Thursday, November 25, 2010

Pasture and some special considerations on spraying

Pasture is what makes you money in the cattle business. Some people don't spend any money on pasture and can't keep many cattle on their ground. They may even find they have to keep moving to new ground or go out of business. You need to provide as many days of pasture to your stock as possible. It's a lot cheaper than feeding hay.

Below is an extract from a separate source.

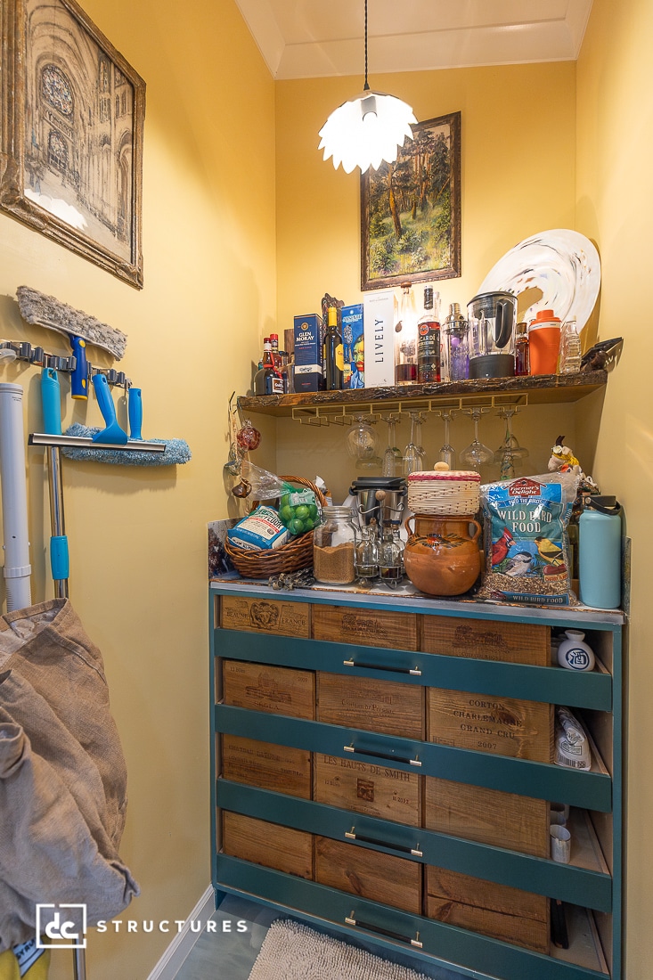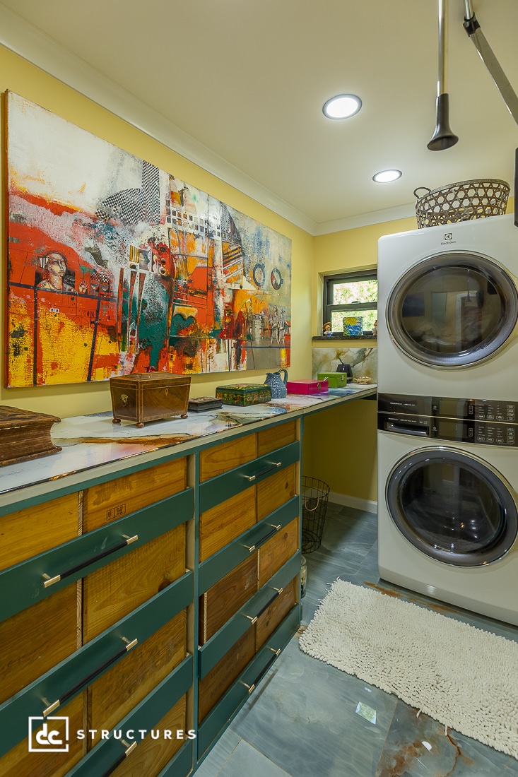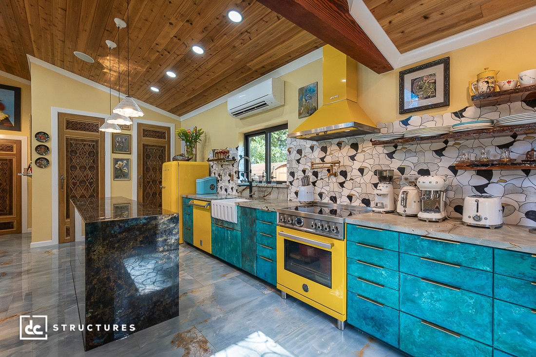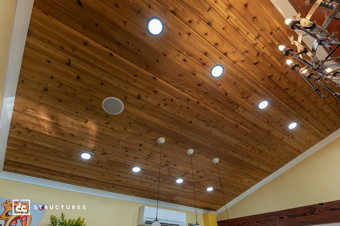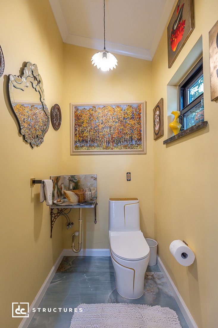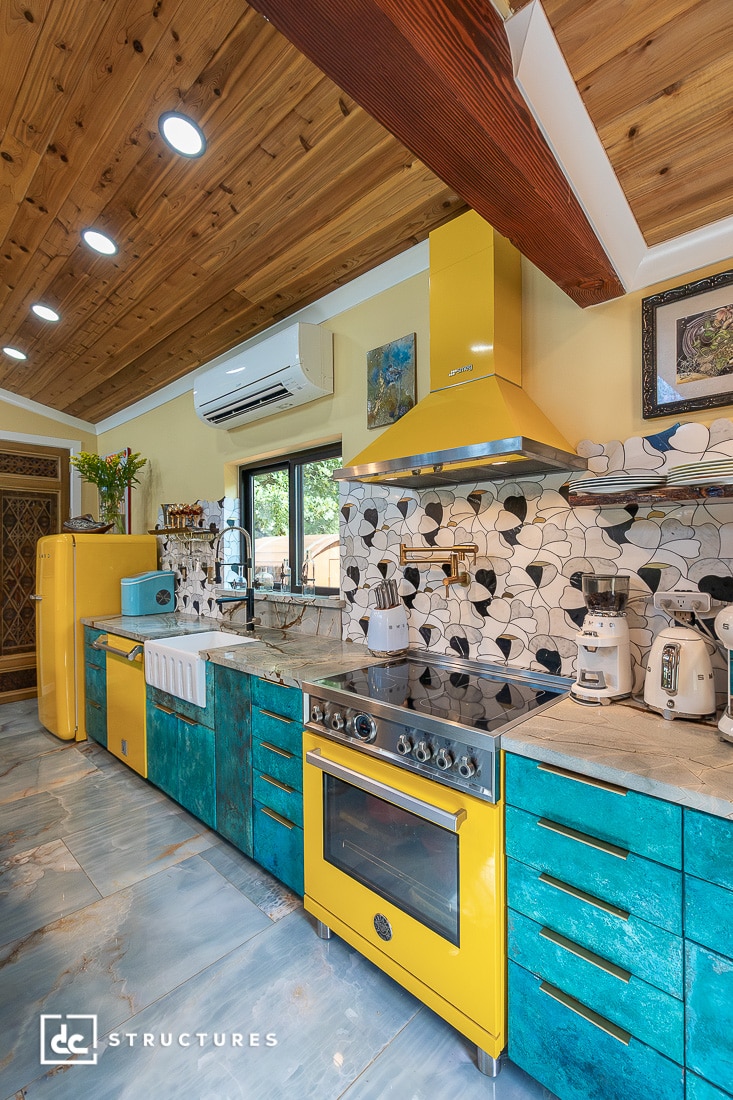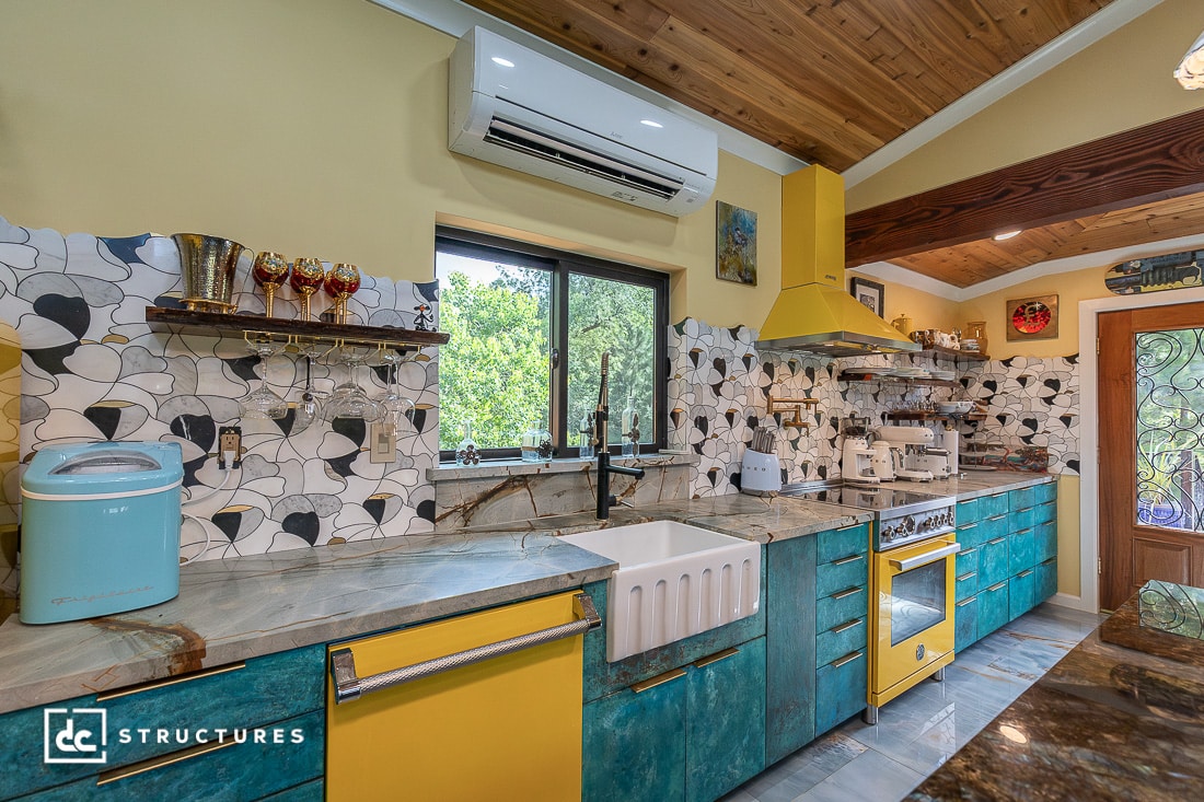 This modern cabin is filled with custom fixtures, finishes, and artistic flourishes, from its show-stopping chandeliers to its vibrant cabinetry and appliances. Like its sister structures, it’s built on a raised foundation and clad in rich, dark walnut-stained cedar siding. Inside, tongue and groove ceilings add warmth and texture, pairing beautifully with the exterior’s rustic elegance. The result is a one-of-a-kind dwelling that fuses rustic charm with modern artistry—perfectly in step with the spirit of the Modern Rogue.

At present there are three techniques that are feasible for weed control: spraying, clipping pasture that isn't too grown up, and and basal spray. You'd as well plant more brush as to brush hog. The objective is to keep the grass and legumes from being displaced by brushy weeds and forest, and to maintain the grass in the vegetative state as much as possible, rather than in the reproductive (going to seed) stage. Seeds and seed stems are low in digestible nutrients and have poor palatability. Proper rotation is the most important way to keep grass vegetative.

Spray
You have to use herbicide to really kill brushy weeds. Spray works best if the brush is shoulder high or less, and use it when the brush is growing , not a dry time. I once used Crossbow, and they say you can use it at any time the snow is not on, but I have always used it as a foliar (leaf) spray. For two years now I have used Remedy Ultra and Forefront, which contain much the same ingredients plus a small amount of a similar herbicide. Remedy contains nearly twice as much triclopyr as Crossbow, and Forefront has a large amount of 2,4-D and a smaller amount of a similar compound. The combination was ecomended by my local Southern States dealer. I found using 80% of the recommended minimum of Remedy and 25% of the minimum of Forefront is very effective for susceptible weeds all season, no increase needed as the season advances. I have yet to find anything that will control raspberries, redbud and a very few other species, but these are a minor problem due to slow growth and limited propagation. They can be controlled manually. I use spot application, so application rates are far below the amount allowed per acre.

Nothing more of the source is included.